To review the validation rules of the XML manifest file in your project, see Apps for Office XML manifest overview.

Show an app in Excel, Word, or Project and step through your code

If you set the Start Document property of the app project to Excel or Word, Visual Studio creates a new document and the app appears. If you set the Start Document property of the app project to use an existing document, Visual Studio opens the document, but you have to insert the app manually. If you set the Start Document to Microsoft Project, you also have to insert the app manually.

To show an app for Office in Excel or Word

  1. In Excel or Word, on the Insert tab, choose Apps for Office.

  2. In the list that appears, choose your app.

To show an app for Office in Project

  1. In Project, on the Project tab, choose Apps for Office.

  2. In the list that appears, choose your app.

In Visual Studio, you can then set break-points. Then, as you interact with your app and step through the code in your HTML, JavaScript, and C# or VB code files.

Show the mail app in Outlook and step through your code

To view the app in Outlook, open an email message or appointment item.

Outlook activates the app for the item as long as the activation criteria are met. The app bar appears at the top of the Inspector window or Reading Pane, and your mail app appears as a button in the app bar.

To view your mail app, choose the button for your mail app.

In Visual Studio, you can set break-points. Then, as you interact with your mail app and step through the code in your HTML, JavaScript, and C# or VB code files.

You can also change your code and review the effects of those changes in your mail app without having to close the Office app and start the project again. In Outlook, just open the shortcut menu for the mail app, and then choose Reload.

Modify code and continue to debug the app without having to start the project again

You can change your code and review the effects of those changes in your app without having to close the host application and start the project again. After you change your code, open the shortcut menu for the app, and then choose Reload.

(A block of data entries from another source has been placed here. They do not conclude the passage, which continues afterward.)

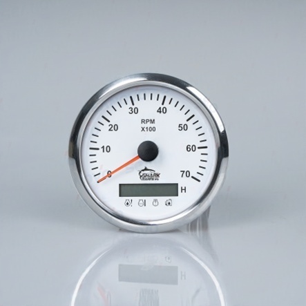 Тахометр белый с серебристой окантовкой со счётчиком моточасов с доп индикаторами 0-7000 (1.0-10.0)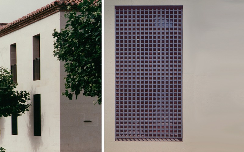 En el exterior se simplificaron y reordenaron los alzados. Como revestimiento se utilizó piedra caliza, un material habitual de la época, para potenciar la presencia y el carácter representativo del edificio.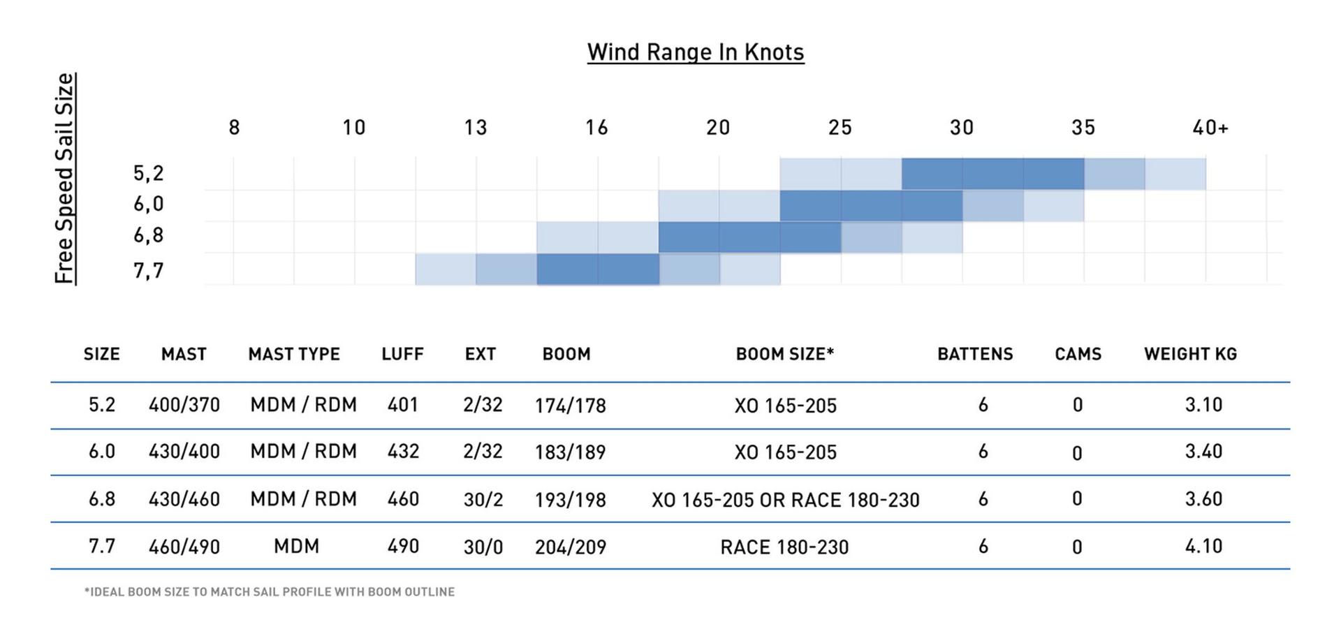 North Sail's new FreeSpeed is very close in design profile to the Slalom Race sail, yet pushes the "accessible performance" combination to its maximum, at both ends of the scale. Speed can really be had easily and effortlessly. To enhance performance by leveraging the full benefits of 3Di shaping, we are able to build impressive stability, acceleration and drive in a no-cam sail. The sail's accelerator is optimally centered for a perfect balance of planing, handling, and peak performance. It reaches top speed and drives upwind with just a flick of your wrist. Designed for maximum planing performance for the fin only. In terms of accessibility the no-cam, lightweight, 6 batten configuration means that transitions are a breeze. Rigging is super quick and easy, with the EZ Downhaul 2-in-1, that fits either the MDM or RDM masts and extensions perfectly. A radically different no-cam blasting sail, designed for driving off the fin, and not like any other sail out there today. Revolutionary technology for windsurfing, brought to you exclusively by North Sails. Go Beyond.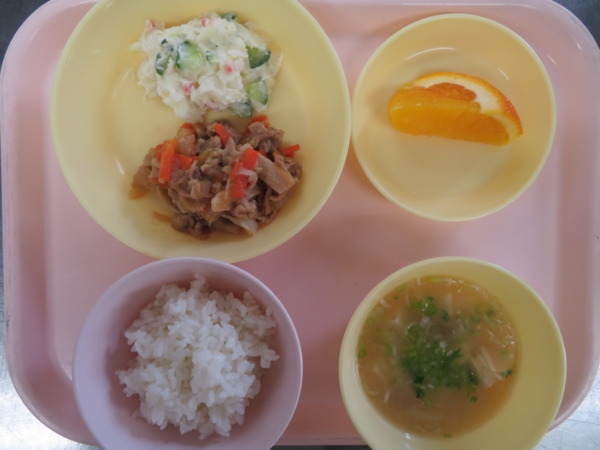 今日の給食は、ごはん・みそ汁・豚の生姜焼き・ポテトチーズサラダ・オレンジです。
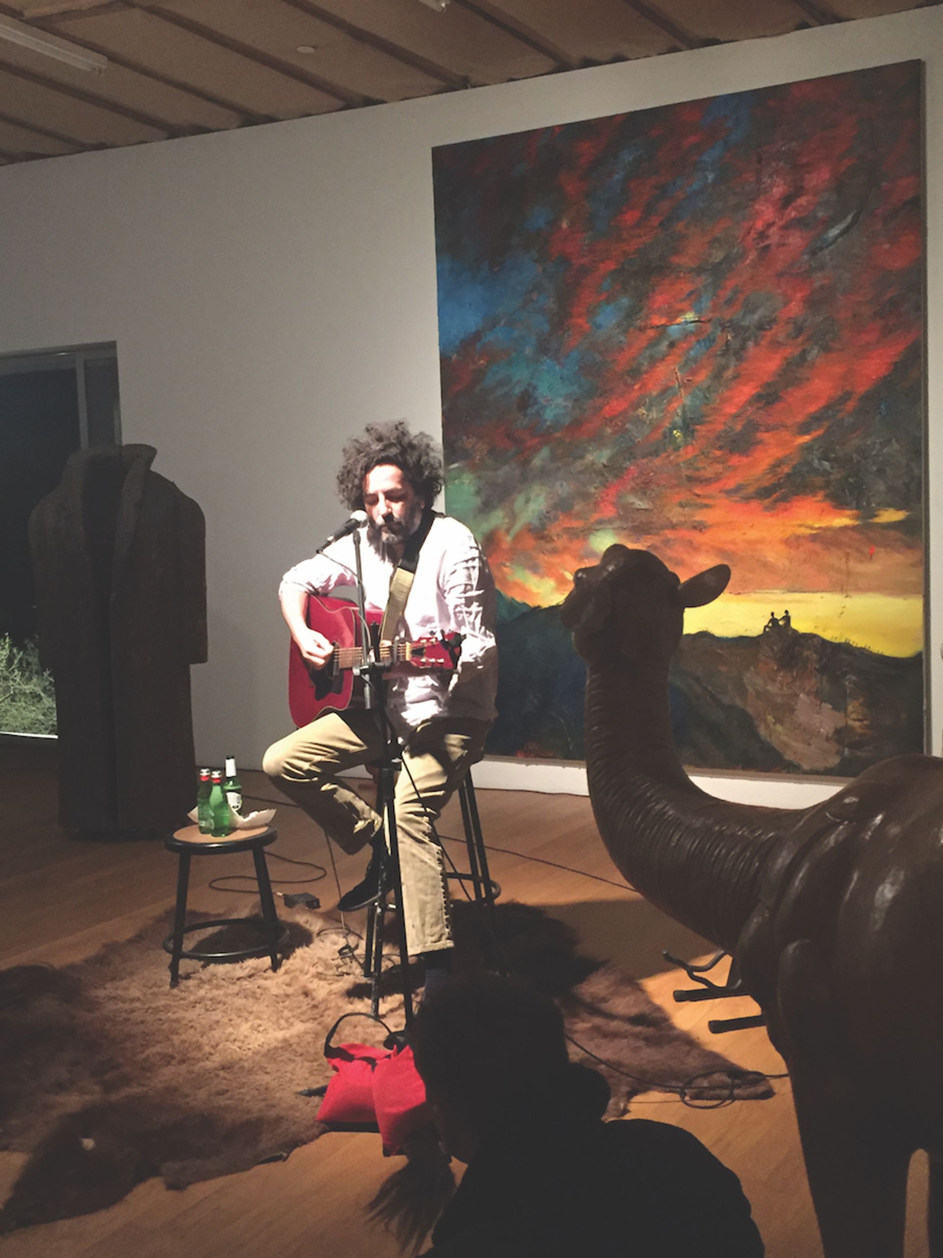 There’s a certain candor in Friedrich Kunath’s paintings, which often have text crossing lush, romantic landscapes like an aerial banner with no airplane, that pairs well with music. For the launch of his monograph, I Don’t Worry Anymore, which includes contributions from a substantial cast of characters—the poet Ariana Reines, the novelist James Frey, and the former tennis player-turned-art collector John McEnroe—Kunath invited the Canadian troubadour Daniel Bejar, aka Destroyer, to perform in front of one of those dreamy landscapes. The upstairs gallery at Blum & Poe was packed (whether there were more people there to support Kunath or to see Destroyer, we may never know) and Destroyer’s songs felt exactly right: romantic without being mawkish, funny without being inane. The musician and the painter were a pairing no DJ could have mixed better. “This is big for me,” said Kunath, who was a huge fan of the musician. Bejar played a mix of old and new songs while propped on a stool on top of a bear rug with a camel sculpture in front of him. “I want to thank Friedrich for letting me out tonight,” he joked. “It’s nice to get out of Canada once in a while.”

When you reload the app it becomes disconnected with the Visual Studio debugger. Therefore, you can view the effects of your change, but you cannot step through your code again until you attach the Visual Studio debugger to all of the available Iexplore.exe processes.

To attach the Visual Studio debugger to all of the available Iexplore.exe processes

  1. In Visual Studio, choose DEBUG, Attach to Process.

  2. In the Attach to Process dialog box, choose all of the available Iexplore.exe processes, and then choose the Attach button.